The combination of urban development and desert farming has overdrawn the groundwater supply for decades, causing supply and quality problems for those in some parts of the basin. Ten years ago, the City of Barstow and the Southern California Water Company sued the Mojave Water Agency, the City of Adelanto and other upstream entities. Barstow claimed that the upstream users were hurting its water supply by overpumping. The Mojave Water Agency then filed its own suit against nearly all water users in the basin. The trial court stayed the litigation while the parties worked out a stipulated settlement, or "physical solution," that called for reducing water usage over several years.
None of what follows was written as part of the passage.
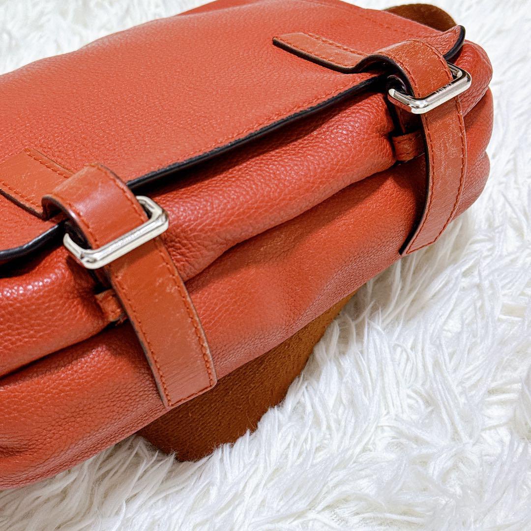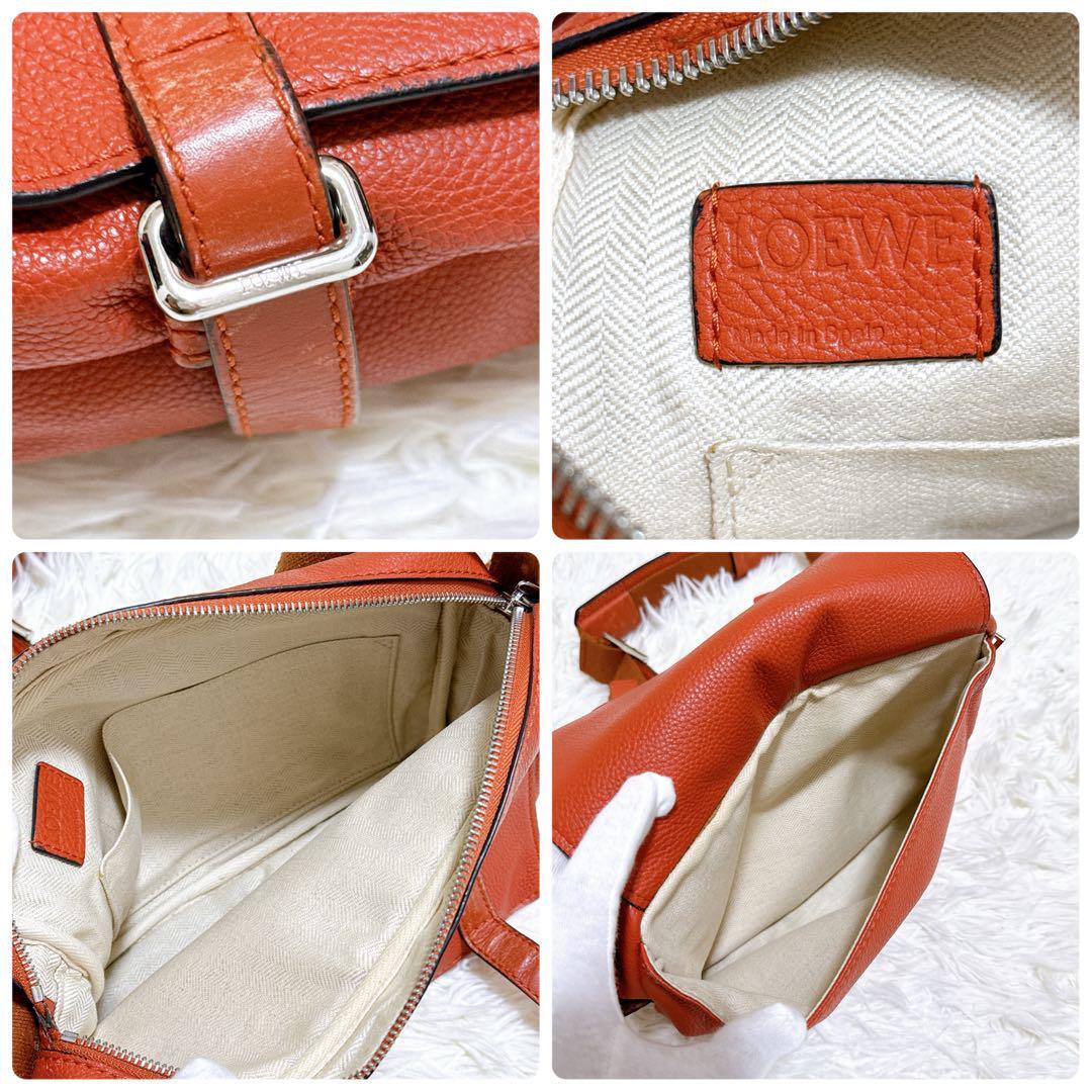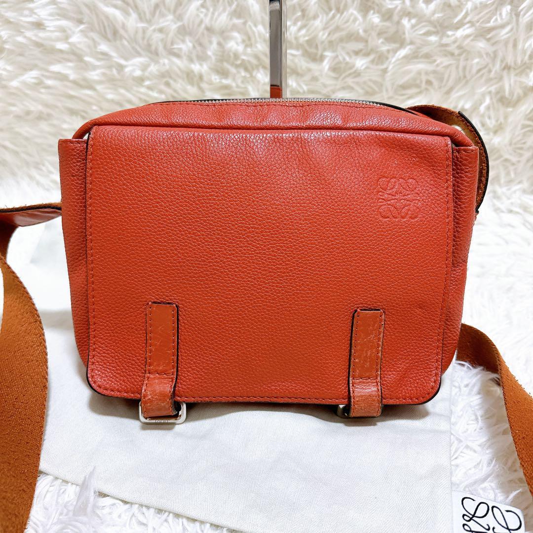 LOEWE ロエベ ミリタリーメッセンジャーバッグ ショルダーバッグ クロスボディ 斜め掛け レザー 本革 ブラウン オレンジ 保存袋付き 正規品 ユニセックス メンズ レディース

Nearly everyone agreed to the 1996 settlement, which followed the doctrine of "equitable apportionment" without regard to preexisting rights. The trial court imposed the settlement on all parties, but seven farmers, led by alfalfa farmer Manuel Cardoza, appealed. The Fourth District Court of Appeal ruled for the farmers, holding that the trial court could not ignore preexisting water rights. (See CP&DR Legal Digest, July 1998.)
In affirming that ruling, Justice Ming Chin wrote for the state's high court: "Although it is clear that a trial court may impose a physical solution to achieve a practical allocation of water to competing interests, the solution's general purpose cannot ignore the priority rights of the parties asserting them." A court cannot change priorities among the holders of water rights or eliminate vested rights, as the trial court did, Chin wrote. Justice Chin cited California Water Service Co. v Edward Sidebotham & Son, (1964) 224 Cal.App.2d 715: "The first one in time is the first one in right, and a prior appropriator in entitled to all the water he needs, up to the amount he has taken in the past, before a subsequent appropriator may take any."
However, the Supreme Court also upheld the appellate court's ruling in favor of the stipulated settlement. The stipulating parties can waive or alter their water rights in a manner they believe in their best interest, the state's high court held. That portion of the ruling provided satisfaction for the cities and water districts.
"As a practical matter, we have groundwater management throughout the region," James Markman, an attorney for the Hesperia Water District, told the Los Angeles Daily Journal.
The Cases: City of Barstow v. Mojave Water Agency, No. S071728; Mojave Water Agency v. Manuel Cardoza, Nos. E018023, E018681, 00 C.D.O.S. 6973, 2000 Daily Journal D.A.R. 9265, filed August 21, 2000.